While manufacturing activity contracted in February, steadying new orders growth and improving inventories offered signs of stability.
Construction spending in January surged to the highest level since 2007, while strong auto sales data also boosted sentiment.
The better-than-expected data helped spark the rally in financial stocks, giving investors a greater sense of confidence and a bigger risk appetite, said Michael James, managing director of equity trading at Wedbush Securities in Los Angeles.
"The stimulus to better stock price action is signs that the U.S. economy is, in fact, doing better," James said.
The upbeat data comes two weeks ahead of the U.S. Federal Reserve's rate-setting meeting. But, James does not expect the Fed to raise rates this month, even if the monthly jobs report on Friday is encouraging.
At 12:44 p.m.

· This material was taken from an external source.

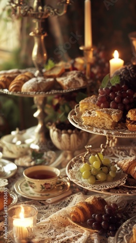 © Yana Buzhynska, Naklejka premium On a wooden table covered with woven lace there is a candle, aromatic coffee and a shelf with croissants, the best breakfast
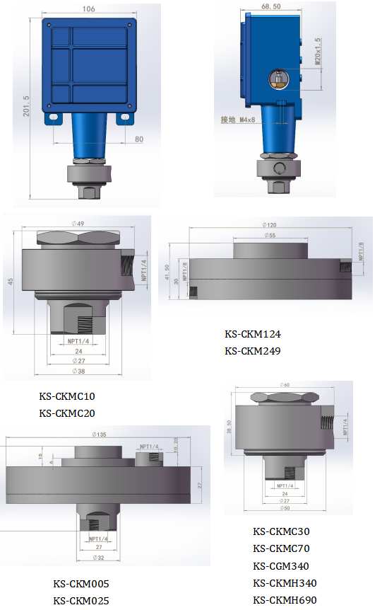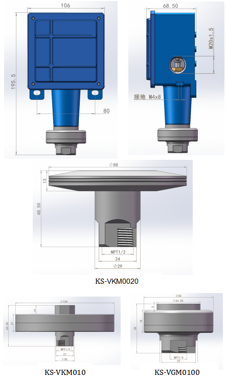 KS-VKM系列:丁腈橡膠及1/2NPTF壓力接口鋁合金材質(其他接口和材質可定制)

ET (1744 GMT), the Dow Jones industrial average .DJI was up 286.87 points, or 1.74 percent, at 16,803.37.
The S&P 500 and the Dow were on track for their best one-day percentage gain since Feb. 12. The S&P has partly recovered from a steep selloff this year and is currently above its 50-day moving average, a sign of improving sentiment.

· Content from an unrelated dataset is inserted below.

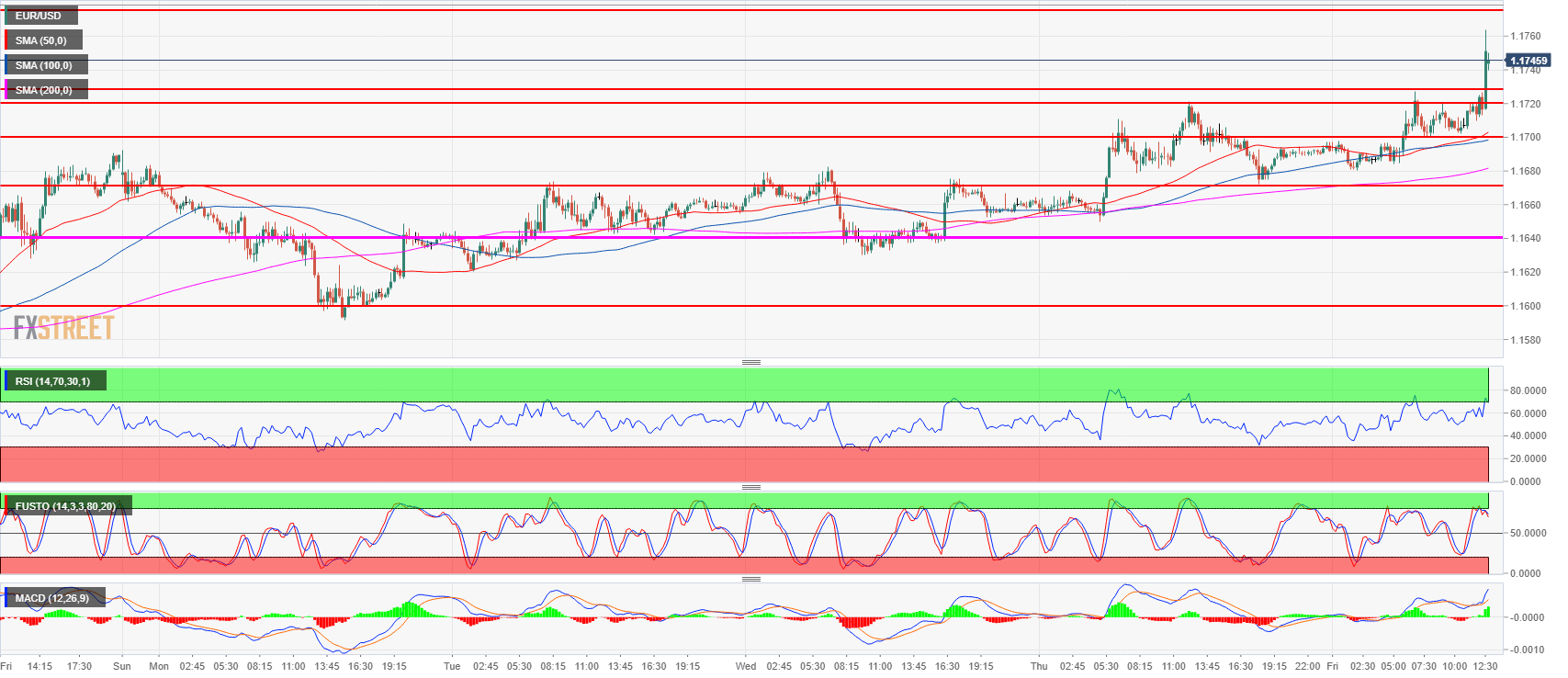 - EUR/USD broke above 1.1730, the 23.6% Fibonacci retracement from the mid-April-May bear move.

Nine of the 10 major S&P sectors were higher, led by a 2.84 percent rise in financials .SPSY. The sector is still the worst performer this year, down about 9 percent, on uncertainty about interest rates and fears of defaults by energy companies.
Morgan Stanley (MS.N) rose the most, up 5.1 percent, among the big banks. Goldman Sachs (GS.N) increased 2.7 percent, giving the biggest boost to the Dow.
The technology sector .SPLRCT was up 2.53 percent. Apple (AAPL.O) was up 3.8 percent at $100.35, giving the biggest boost to the S&P and the Nasdaq, and the second-biggest to the Dow.
Fiat (FCAU.N) rose 6.7 percent, Ford (F.N) 4.6 percent and GM (GM.N) 1.6 percent after strong U.S. auto sales in February defied fears of a slowdown after a record 2015.
Honeywell (HON.N) rose 3.5 percent to $104.91 after dropping its bid for United Technologies (UTX.N). United Tech was down 2.6 percent at $94.08.
Advancing issues outnumbered decliners on the NYSE by 2,425 to 588. On the Nasdaq, 1,914 issues rose and 771 fell.
The S&P 500 index showed four new 52-week highs and no new lows, while the Nasdaq recorded 30 new highs and 40 new lows.